▶ _What is needed_: When the line with "次はサッカーの練習です!旭東小学校と一緒に楽しみました。" comes up, set it down and every later line to the end of the data, exactly and without pictures.

▶ _Provided material_:
□ □ □ □
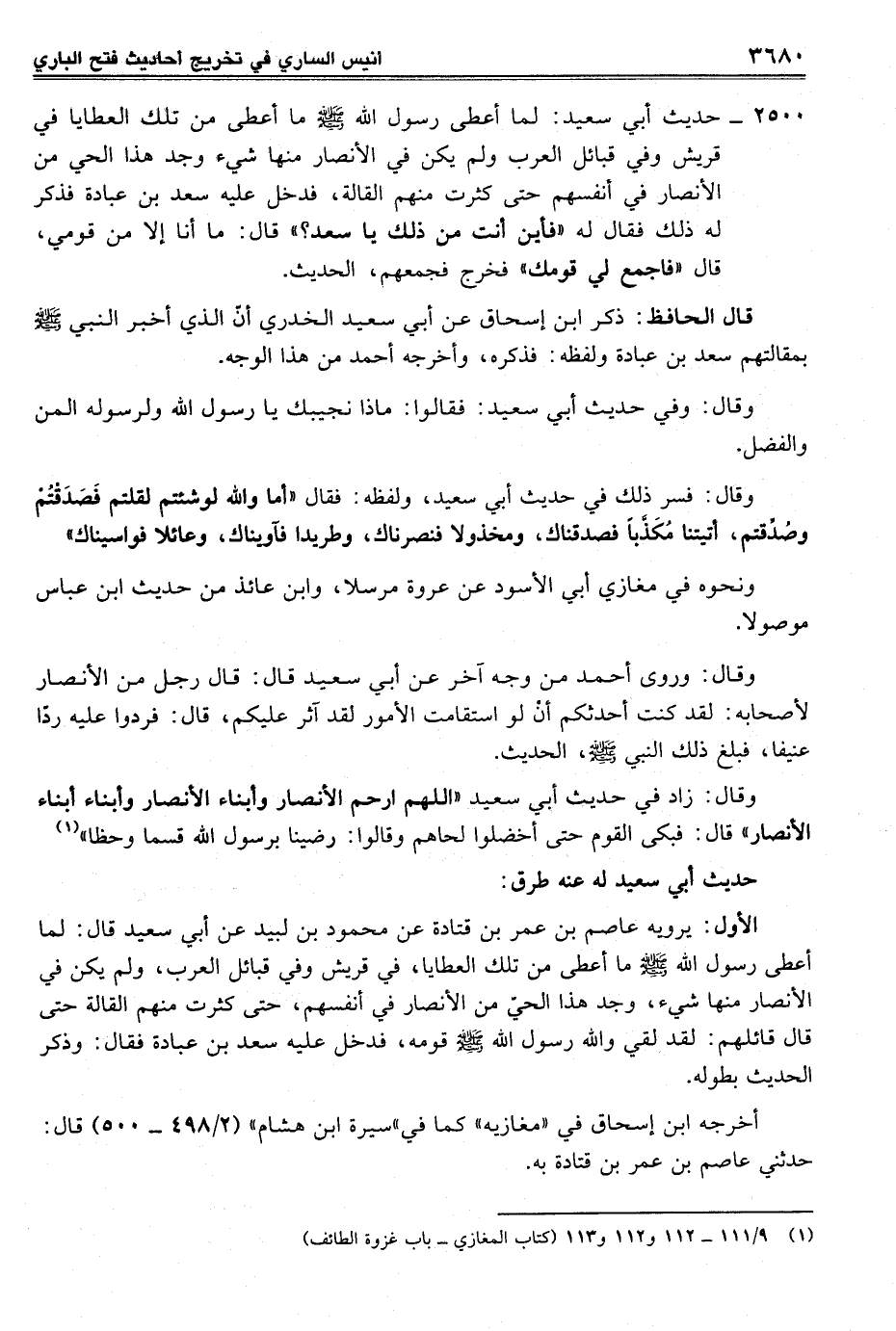 2500 - حديث أبي سعيد: لما أعطى رسول الله - صلى الله عليه وسلم - ما أعطى من تلك العطايا في قريش وفي قبائل العرب ولم يكن في الأنصار منها شيء وجد هذا الحي من الأنصار في أنفسهم حتى كثرت منهم المقالة، فدخل عليه سعد بن عبادة فذكر له ذلك فقال له "فأين أنت من ذلك يا سعد؟ " قال: ما أنا إلا من قومي، قال "فاجمع لي قومك" فخرج فجمعهم، الحديث.
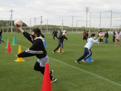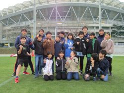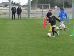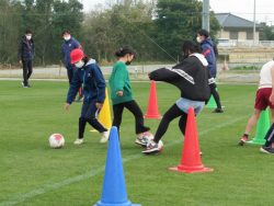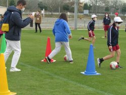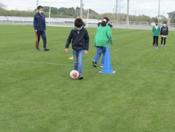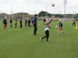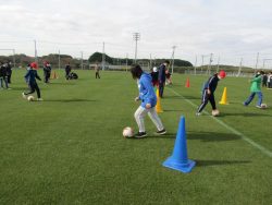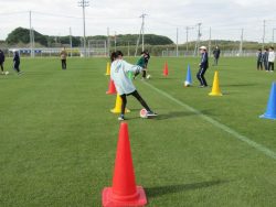 次はサッカーの練習です!旭東小学校と一緒に楽しみました。
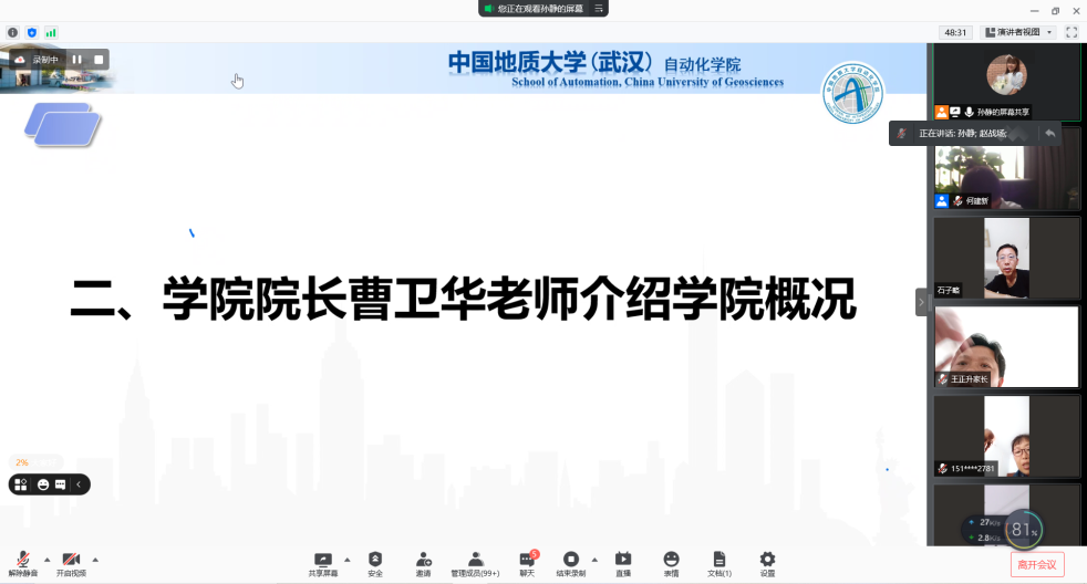 2021年9月4日上午10点,永利集团3044官网欢迎您召开2021级新生家长线上座谈会。院党委书记董浩斌老师、院长曹卫华老师、院党委副书记何建新老师、副院长陈鑫老师、副院长宗小峰老师、副院长熊永华老师、副院长陈略峰老师、自动控制系系主任安剑奇老师、测控技术与仪器系系主任董凯锋老师、智能系统研究所所长刘振焘老师以及其他老师参加本次座谈会。学院召开此次新生家长座谈会旨在更好促进家校联合,让家长们对学校和学院有更加深入地了解。
□ □ □ □
▶ _Output for this task_:
 次はサッカーの練習です!旭東小学校と一緒に楽しみました。
 2021年9月4日上午10点,永利集团3044官网欢迎您召开2021级新生家长线上座谈会。院党委书记董浩斌老师、院长曹卫华老师、院党委副书记何建新老师、副院长陈鑫老师、副院长宗小峰老师、副院长熊永华老师、副院长陈略峰老师、自动控制系系主任安剑奇老师、测控技术与仪器系系主任董凯锋老师、智能系统研究所所长刘振焘老师以及其他老师参加本次座谈会。学院召开此次新生家长座谈会旨在更好促进家校联合,让家长们对学校和学院有更加深入地了解。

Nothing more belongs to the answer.